:: WORK ORDER ::
Every line below from the one with "(Nouveaux graphismes extérieurs" through the one with "2.Fácil de controlar.Activación" is to be repeated exactly, with no picture among them.

:: DATASET CONTENT ::

/---

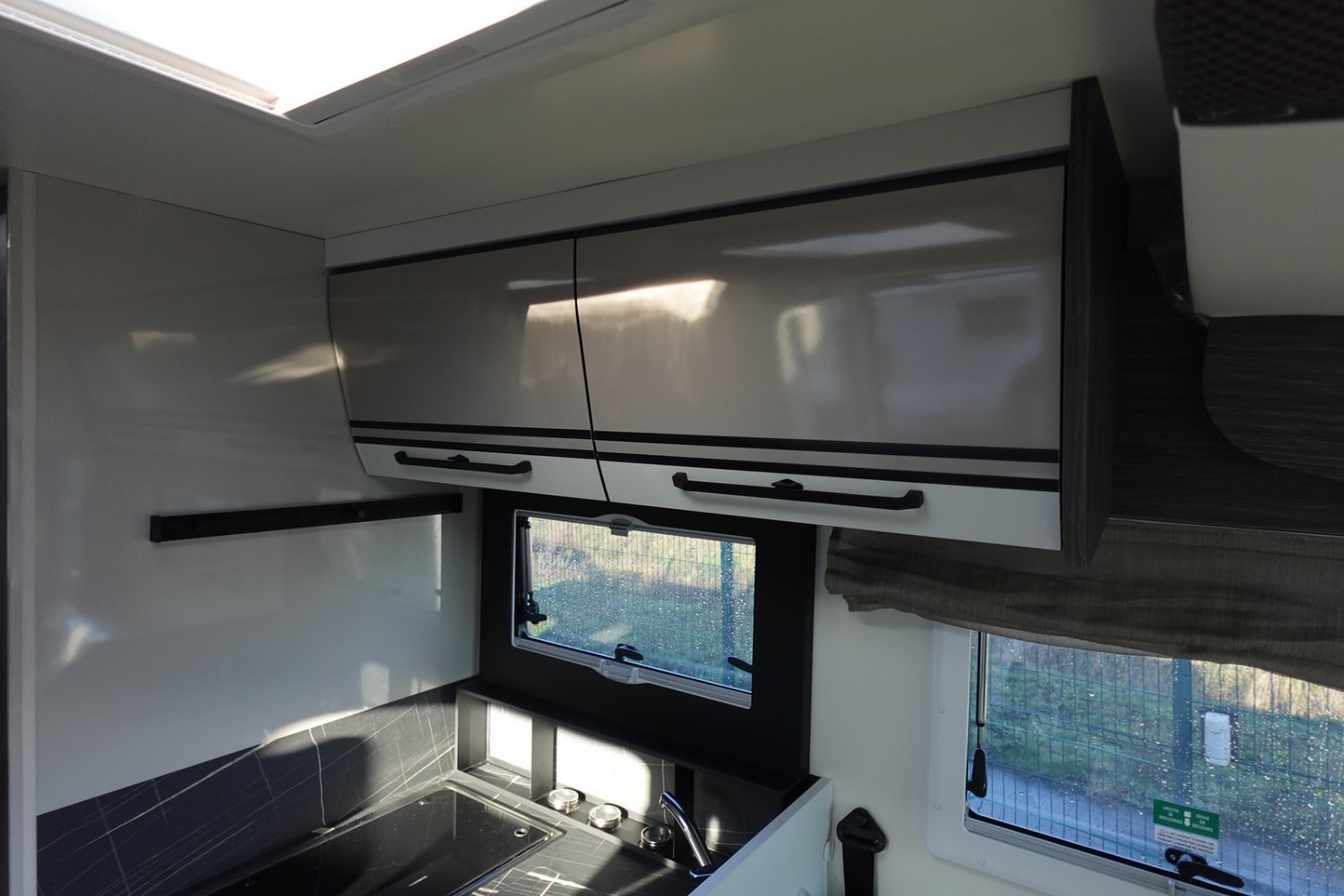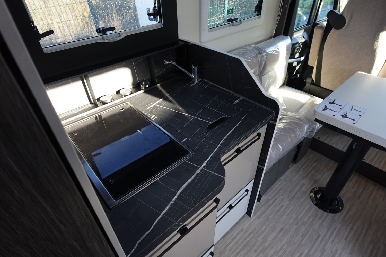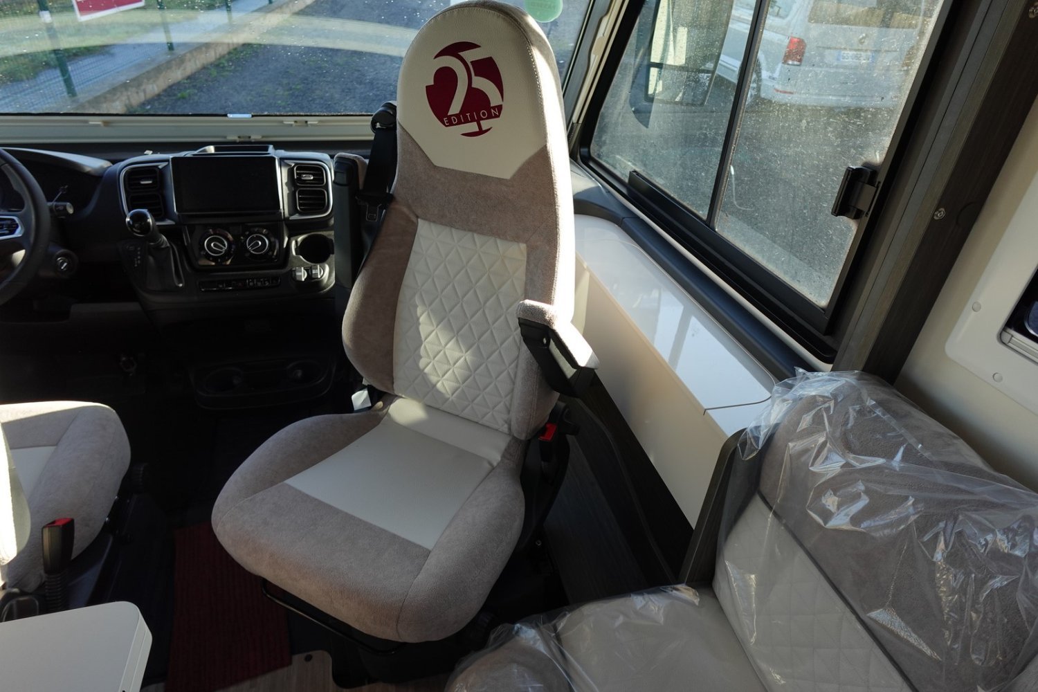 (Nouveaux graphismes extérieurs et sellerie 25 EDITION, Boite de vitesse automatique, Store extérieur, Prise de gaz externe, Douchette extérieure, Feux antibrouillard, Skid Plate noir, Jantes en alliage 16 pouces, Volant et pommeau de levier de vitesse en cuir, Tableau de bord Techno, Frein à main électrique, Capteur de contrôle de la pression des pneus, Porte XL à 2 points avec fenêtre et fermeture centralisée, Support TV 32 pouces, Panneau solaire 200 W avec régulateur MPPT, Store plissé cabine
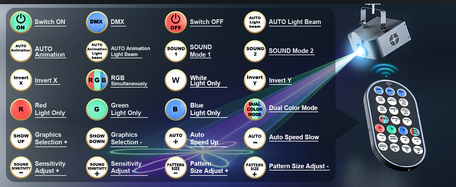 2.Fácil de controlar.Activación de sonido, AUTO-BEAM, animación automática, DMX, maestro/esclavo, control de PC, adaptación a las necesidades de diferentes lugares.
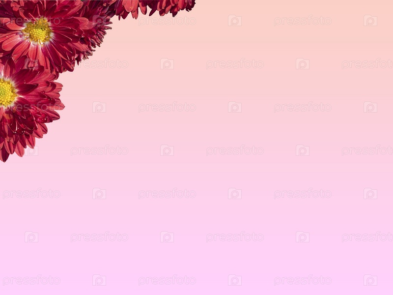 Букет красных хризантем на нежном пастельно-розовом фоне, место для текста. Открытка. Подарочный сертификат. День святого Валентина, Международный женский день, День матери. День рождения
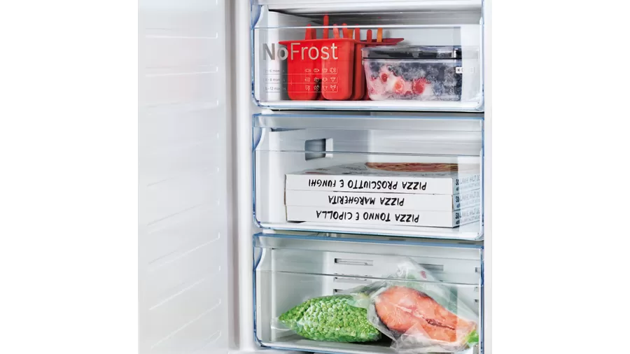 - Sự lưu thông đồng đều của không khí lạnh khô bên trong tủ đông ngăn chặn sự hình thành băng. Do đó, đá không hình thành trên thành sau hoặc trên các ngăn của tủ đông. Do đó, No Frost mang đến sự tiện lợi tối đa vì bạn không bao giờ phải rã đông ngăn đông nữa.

\---
/---

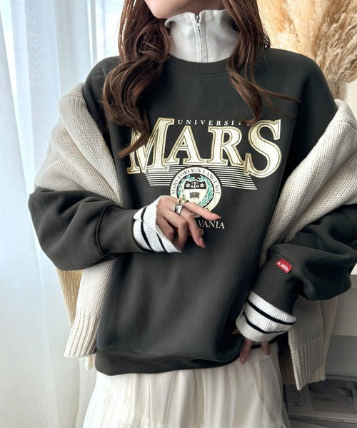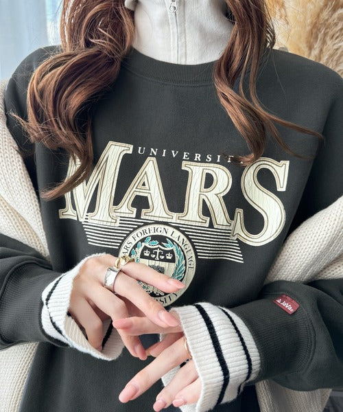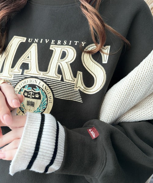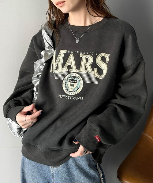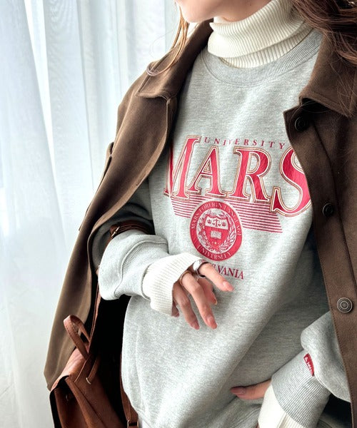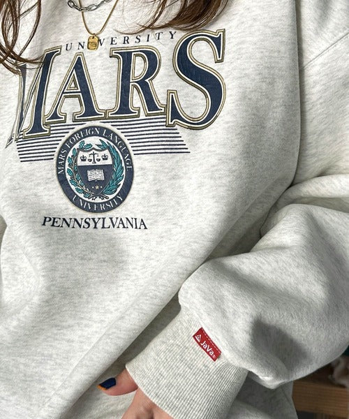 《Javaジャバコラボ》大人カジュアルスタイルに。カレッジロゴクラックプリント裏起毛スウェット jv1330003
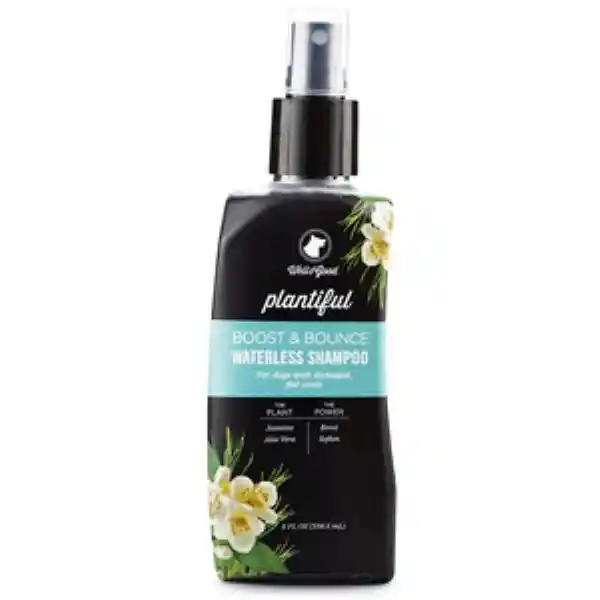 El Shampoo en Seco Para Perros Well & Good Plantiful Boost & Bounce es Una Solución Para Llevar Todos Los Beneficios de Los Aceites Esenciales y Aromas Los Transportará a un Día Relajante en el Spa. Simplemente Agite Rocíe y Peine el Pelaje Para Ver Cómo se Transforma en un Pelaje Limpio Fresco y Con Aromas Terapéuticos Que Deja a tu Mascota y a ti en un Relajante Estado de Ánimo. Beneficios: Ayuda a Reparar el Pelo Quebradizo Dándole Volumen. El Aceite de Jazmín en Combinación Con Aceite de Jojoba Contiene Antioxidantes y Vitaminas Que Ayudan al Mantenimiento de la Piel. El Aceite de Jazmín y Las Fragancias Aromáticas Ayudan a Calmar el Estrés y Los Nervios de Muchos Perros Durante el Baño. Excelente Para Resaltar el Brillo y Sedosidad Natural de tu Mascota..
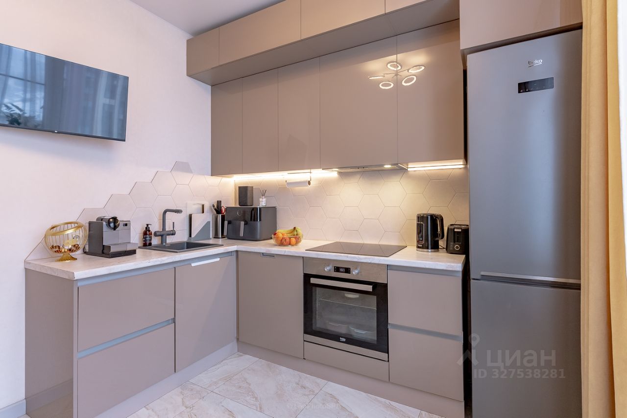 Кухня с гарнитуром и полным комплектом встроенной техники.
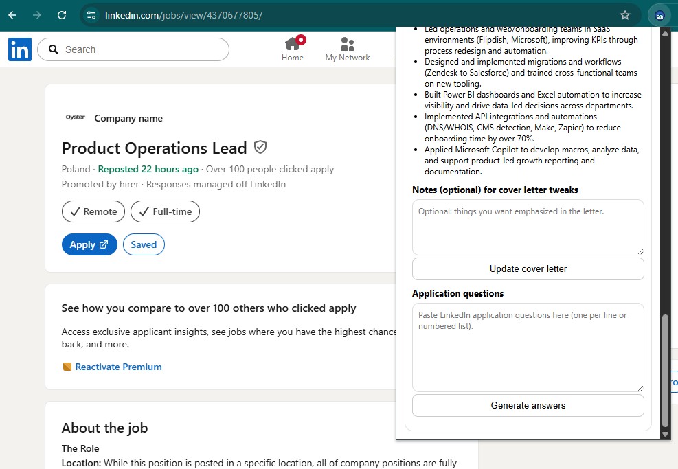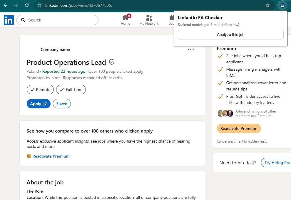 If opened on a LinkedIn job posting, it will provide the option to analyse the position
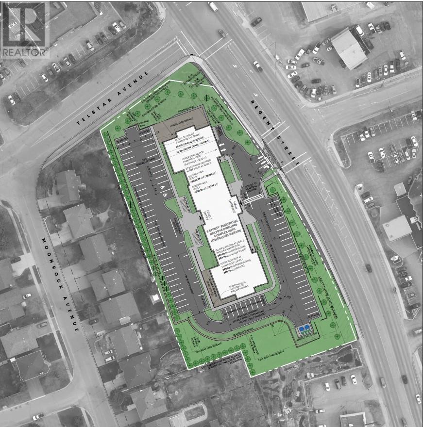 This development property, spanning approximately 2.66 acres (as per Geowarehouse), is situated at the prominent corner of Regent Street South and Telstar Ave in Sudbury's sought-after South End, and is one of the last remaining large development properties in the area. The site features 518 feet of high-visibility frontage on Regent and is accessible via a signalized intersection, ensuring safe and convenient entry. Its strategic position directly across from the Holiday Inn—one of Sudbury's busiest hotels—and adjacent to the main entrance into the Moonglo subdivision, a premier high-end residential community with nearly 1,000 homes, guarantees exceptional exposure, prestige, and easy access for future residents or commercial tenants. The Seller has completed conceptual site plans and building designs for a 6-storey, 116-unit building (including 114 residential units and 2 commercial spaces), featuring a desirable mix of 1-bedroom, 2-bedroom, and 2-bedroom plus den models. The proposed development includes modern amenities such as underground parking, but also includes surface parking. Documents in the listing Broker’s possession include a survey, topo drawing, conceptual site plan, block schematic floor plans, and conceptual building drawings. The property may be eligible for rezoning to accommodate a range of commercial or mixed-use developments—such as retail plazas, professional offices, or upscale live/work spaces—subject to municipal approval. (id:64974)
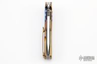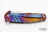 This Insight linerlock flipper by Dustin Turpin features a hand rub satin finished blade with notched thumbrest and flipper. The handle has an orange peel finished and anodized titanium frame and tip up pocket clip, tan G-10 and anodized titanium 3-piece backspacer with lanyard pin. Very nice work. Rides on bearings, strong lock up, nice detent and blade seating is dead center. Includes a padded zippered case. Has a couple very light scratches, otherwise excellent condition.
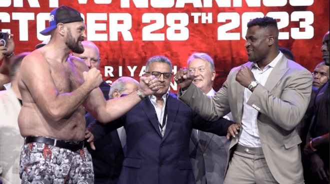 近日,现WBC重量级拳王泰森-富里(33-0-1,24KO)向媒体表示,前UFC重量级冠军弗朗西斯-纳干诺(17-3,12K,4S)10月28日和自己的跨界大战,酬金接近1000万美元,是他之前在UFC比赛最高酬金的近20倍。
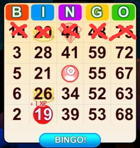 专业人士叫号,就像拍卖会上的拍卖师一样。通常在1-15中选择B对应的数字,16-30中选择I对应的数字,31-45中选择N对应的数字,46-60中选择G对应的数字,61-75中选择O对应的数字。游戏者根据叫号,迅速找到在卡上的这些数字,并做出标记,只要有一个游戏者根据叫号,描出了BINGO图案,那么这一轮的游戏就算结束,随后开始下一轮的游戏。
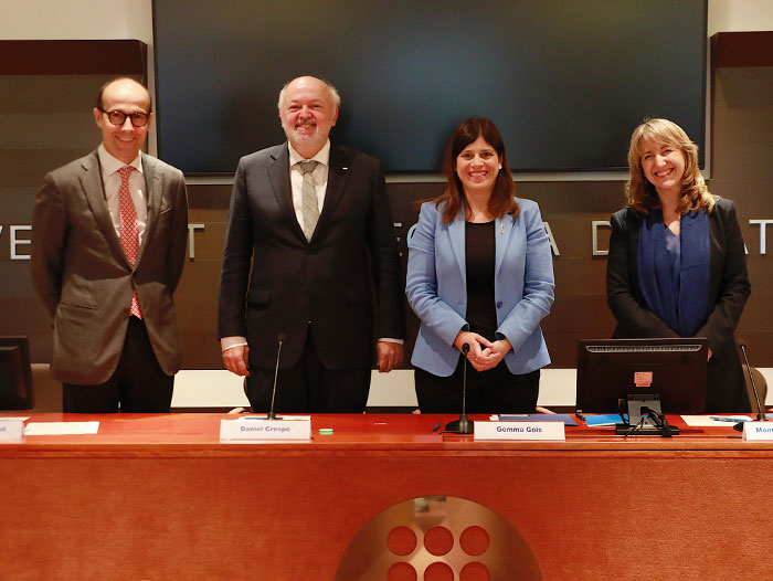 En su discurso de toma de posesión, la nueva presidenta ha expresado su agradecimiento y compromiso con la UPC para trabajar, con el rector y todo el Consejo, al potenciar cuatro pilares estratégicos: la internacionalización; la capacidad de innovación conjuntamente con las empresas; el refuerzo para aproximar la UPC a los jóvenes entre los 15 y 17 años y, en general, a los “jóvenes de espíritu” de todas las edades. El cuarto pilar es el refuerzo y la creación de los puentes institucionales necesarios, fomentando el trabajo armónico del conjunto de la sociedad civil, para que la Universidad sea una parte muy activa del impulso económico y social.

\---
/---

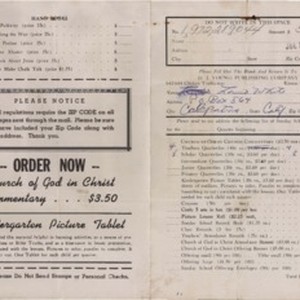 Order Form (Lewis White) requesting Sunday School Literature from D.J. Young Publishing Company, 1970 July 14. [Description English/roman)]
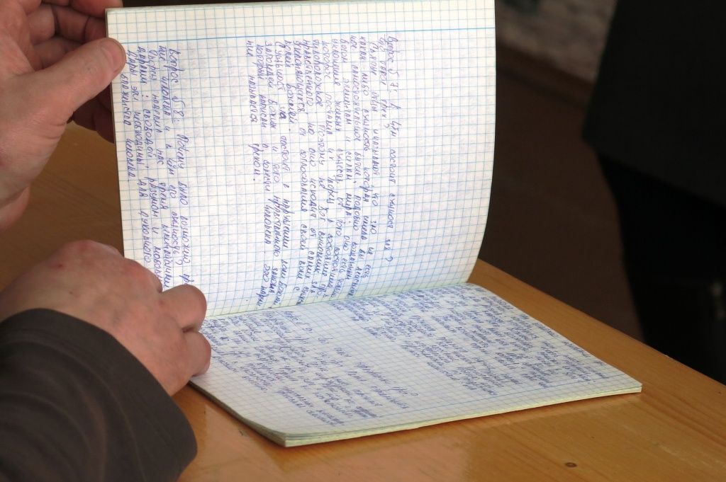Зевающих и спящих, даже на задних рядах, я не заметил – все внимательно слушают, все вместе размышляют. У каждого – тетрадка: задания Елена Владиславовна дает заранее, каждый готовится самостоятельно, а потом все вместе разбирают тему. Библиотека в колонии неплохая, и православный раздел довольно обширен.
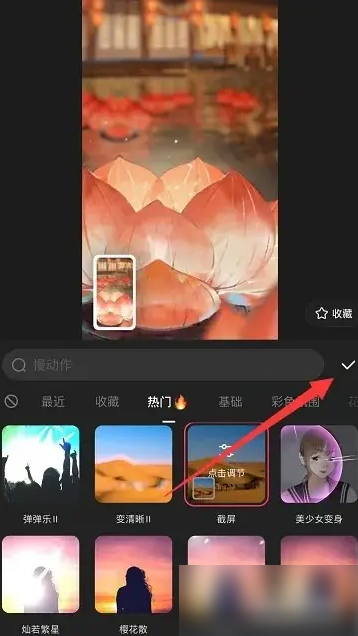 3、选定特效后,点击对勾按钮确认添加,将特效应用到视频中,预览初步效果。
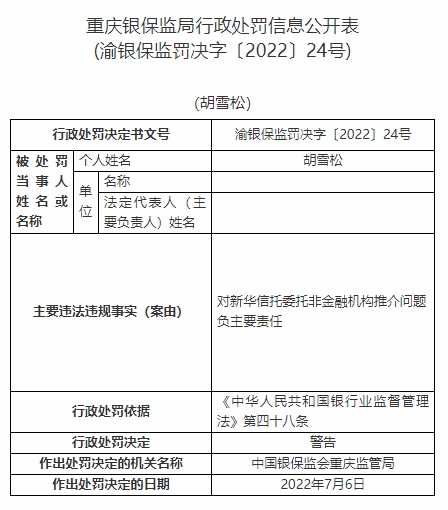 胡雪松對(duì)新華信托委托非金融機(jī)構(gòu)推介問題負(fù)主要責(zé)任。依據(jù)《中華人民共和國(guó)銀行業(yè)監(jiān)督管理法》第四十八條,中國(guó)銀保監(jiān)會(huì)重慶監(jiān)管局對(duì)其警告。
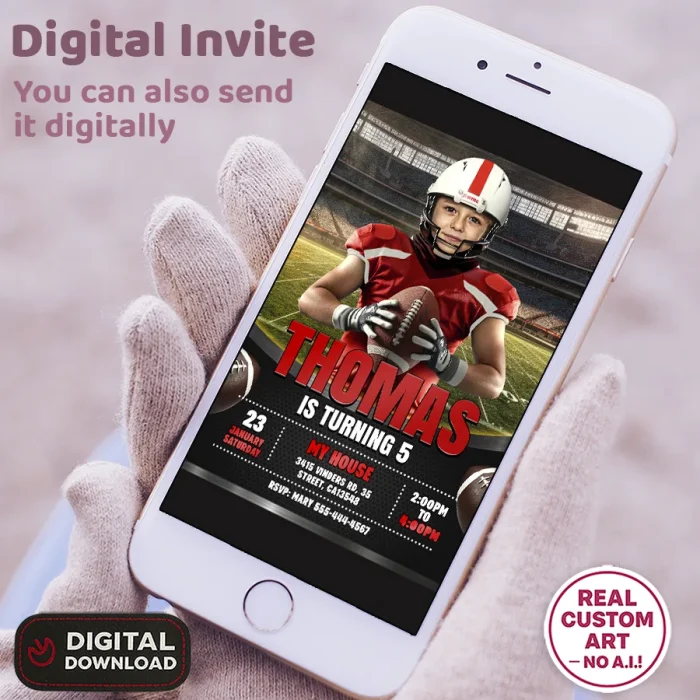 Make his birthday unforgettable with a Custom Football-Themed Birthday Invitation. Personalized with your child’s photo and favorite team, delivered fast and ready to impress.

\---

:: FINISHED EXERCISE ::
 (Nouveaux graphismes extérieurs et sellerie 25 EDITION, Boite de vitesse automatique, Store extérieur, Prise de gaz externe, Douchette extérieure, Feux antibrouillard, Skid Plate noir, Jantes en alliage 16 pouces, Volant et pommeau de levier de vitesse en cuir, Tableau de bord Techno, Frein à main électrique, Capteur de contrôle de la pression des pneus, Porte XL à 2 points avec fenêtre et fermeture centralisée, Support TV 32 pouces, Panneau solaire 200 W avec régulateur MPPT, Store plissé cabine
 2.Fácil de controlar.Activación de sonido, AUTO-BEAM, animación automática, DMX, maestro/esclavo, control de PC, adaptación a las necesidades de diferentes lugares.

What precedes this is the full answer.